Appuntamento nel comune in provincia di Caserta per un evento aperto a tutti,
il raduno regionale della società sportiva nata nel 2013, con più tesserati d’Italia e d’Europa,
più di 70.000 iscritti e circa 600 centri in tutto lo stivale
Un allenamento aperto a tutti, dove sarà possibile conoscere da vicino il metodo e allenarsi insieme ad atleti provenienti da tutta la regione.
Gioia Sannitica si prepara ad accogliere GINNASTICA DINAMICA MILITARE ITALIANA 1978, la disciplina sportiva nata nel 2013 da un’idea di Matteo Sainaghi e Mara Uggeri che oggi, con i suoi più di 70.000 iscritti e circa 600 centri in tutto lo stivale, è la società sportiva con più tesserati d’Italia e d’Europa.
Appuntamento per sabato 1 agosto in Piazza San Pietro e Paolo dove sarà allestito un gazebo informativo presso cui sarà possibile scoprire i benefici di GDMI “un sistema di allenamento che ha alla base l’attività a corpo libero, in cui ogni esercizio non viene svolto con attrezzature di ultima generazione e all’interno di sale condizionate, ma in un ambiente che predilige solo ed esclusivamente il fattore allenante, atto a migliorare una forma fisica reale, pura e concreta” – come spiega Sainaghi, suo CEO e fondatore.
Ma non solo: i presenti infatti, alle ore 18.00, potranno cimentarsi in un vero e proprio allenamento “di prova” condotto da Emiliano Bottone, responsabile regionale GDMI per la Campania.
Un’ora in cui testare in prima persona le esercitazioni condotte in assetto antigravitario con totale assenza di marchingegni, totale mancanza di comfort e totale assenza di competizione, intesa come esaltazione del primo in classifica, con l’obiettivo di per creare un processo adattivo permanente e progressivo.
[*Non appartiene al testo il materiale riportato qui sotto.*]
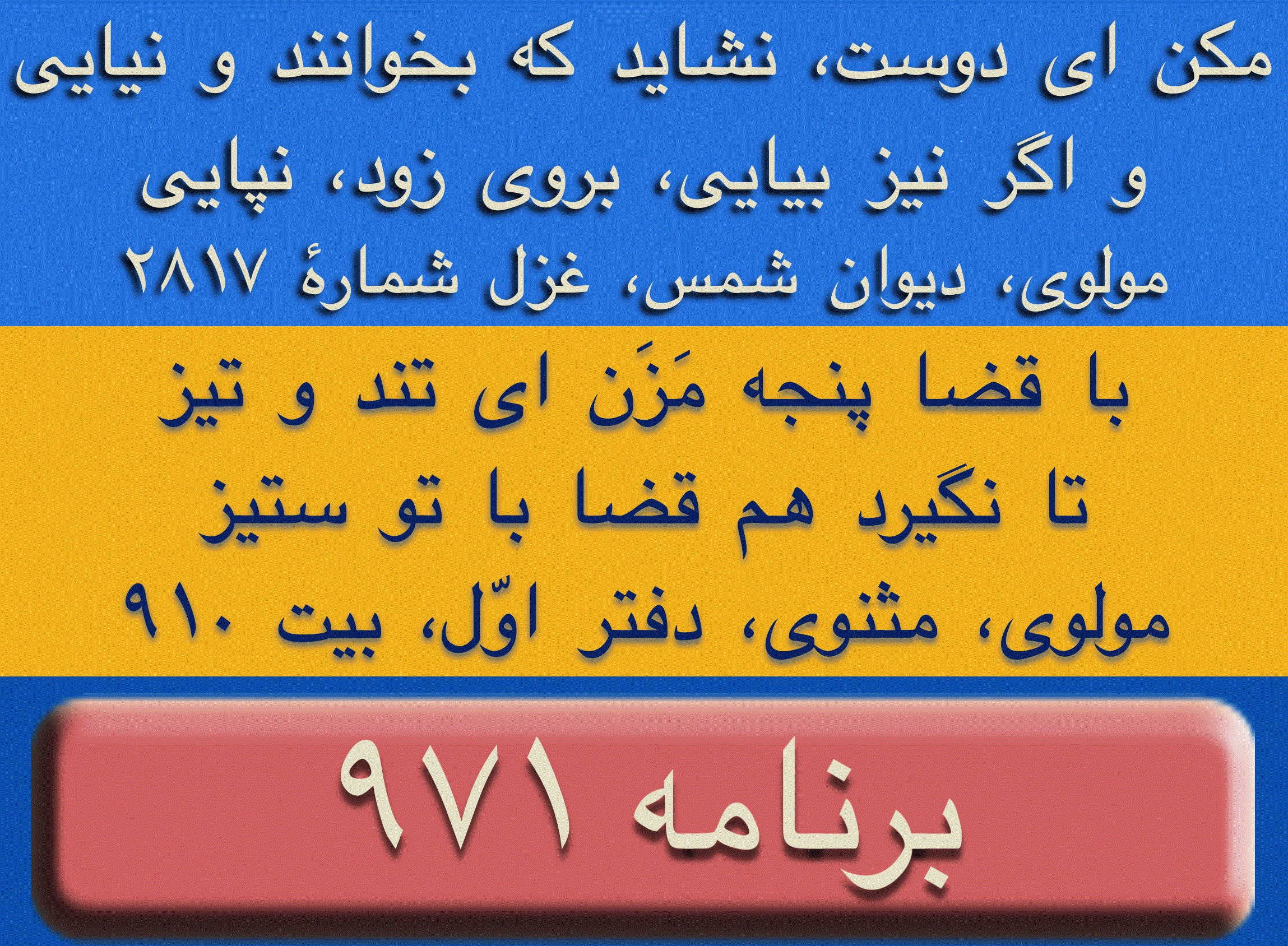 Rumi (Molana Jalaleddin) Poem (Mathnavi), Book #5, Line #1221

Come ci sarà modo di capire durante l’evento, l’allenamento GDMI si basa su tre principi:
PRIMO PRINCIPIO
Le esercitazioni sono sempre condotte in assetto antigravitario con totale assenza di marchingegni carichi in contro resistenza. Allenarsi con macchinari annulla la posizione del corpo in assetto antigravitario, la forza messa nell’esercizio per contrastare la resistenza non passa per tutte le articolazioni del corpo scaricandosi sui piedi. La conseguenza sarà un adattamento muscolo attivo del corpo che viene protocollato dal cervello come necessario e che porterà all’ipertonia ma non all’armonia e funzionalità fisiologica.
SECONDO PRINCIPIO
Totale mancanza di comfort e, quindi, attività svolta a creare un processo adattivo importante permanente e progressivo di carattere educativo culturale fisico motorio alla propria capacità corporale di adempiere a richieste spazio-temporali in stretta relazione con le dimensioni e le pertinenze a disposizione in ambiente.
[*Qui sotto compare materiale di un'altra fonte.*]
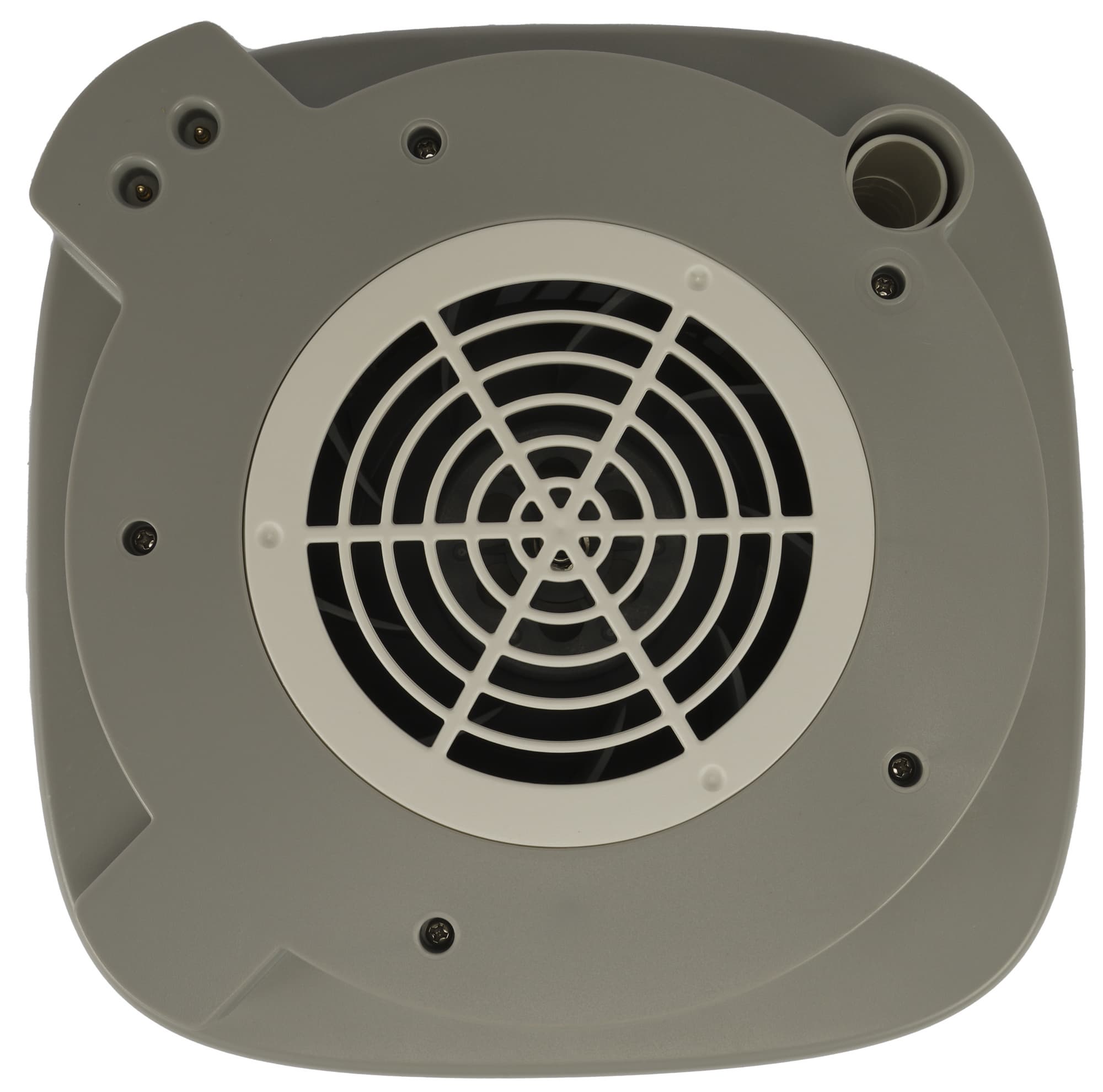 Если взглянуть на основной блок сверху, то мы увидим пластиковую решетку, под которой прячется защитный «грибок», защищающий вентилятор и внутренности устройства от попадания воды во время долива.

Le esercitazioni proposte vengono date in forma di comando, un metodo atto a forzare con una giusta dose di autorevolezza per forzare le barriere resistenti psico-culturali che sono alla base dei processi di adattamento alla sedentarietà e alla disapplicazione fisico sportiva.
TERZO PRINCIPIO
Totale assenza di competizione, intesa come esaltazione del primo in classifica, del singolo o del fenomeno eventuale. Chi si ferma o resta indietro incrementa il tempo di allenamento del gruppo. L’impegno del gruppo a ripetere tutti insieme l’esercizio non fatto dal singolo, serve a creare coesione secondo una metodologia scientifica comprovata.
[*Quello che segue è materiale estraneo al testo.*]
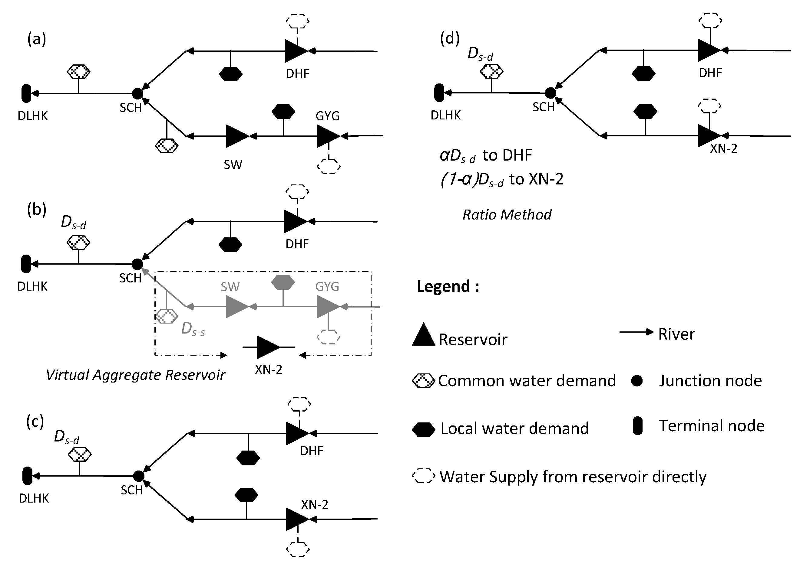 - Liu, P.; Guo, S.; Xu, X.; Chen, J. Derivation of aggregation-based joint operating rule curves for cascade hydropower reservoirs. Water Resour. Manag. 2011, 25, 3177–3200. [Google Scholar] [CrossRef]
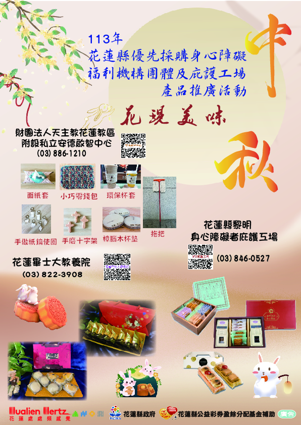 為推廣花蓮縣身心障礙福利機構團體及庇護工場所生產之秋節產品,惠請貴單位或轉知所轄機關參考選購,請查照。

“Ma perché l’ho chiamata così? Ginnastica come attività che tende, mediante una serie ordinata di esercizi, a sviluppare l’apparato muscolare e a dare robustezza e agilità al corpo umano (secondo la definizione Treccani); Dinamica come opposizione di statica, quindi veloce, forte ed efficiente; Militare perché sono presenti caratteristiche di ordine e comando per ottimizzare la classe allenante, togliere le barriere sociali tra i partecipanti e dare disciplina all’esecuzione; Italiana…perché io sono nato in Italia e anche il protocollo è nato qui. 1978 invece è l’anno in cui Mennea stabilì il record mondiale sui 200 metri con lo straordinario 19,72” conclude Matteo Sainaghi.
NON SOLO PROTOCOLLI DI ALLENAMENTO MA ANCHE MUSICA
Matteo Sainaghi, infatti, è la metà del duo GianTheo sodalizio artistico bresciano nato nel 2003, con l’amico Giancarlo Prandelli. Nel corso degli anni Giancarlo Prandelli realizza produzioni per artisti del calibro di Laura Pausini, Mina, Omar Pedrini e Fausto Leali. Partecipa al programma “Roxy Bar” di Red Ronnie come musicista e per diversi anni collabora con la casa discografica Sugar e vanta svariate collaborazioni con Mina, Brignano, Blanco e nel 2021 collabora con Guè Pequeno pubblicando il singolo “Permaloso”.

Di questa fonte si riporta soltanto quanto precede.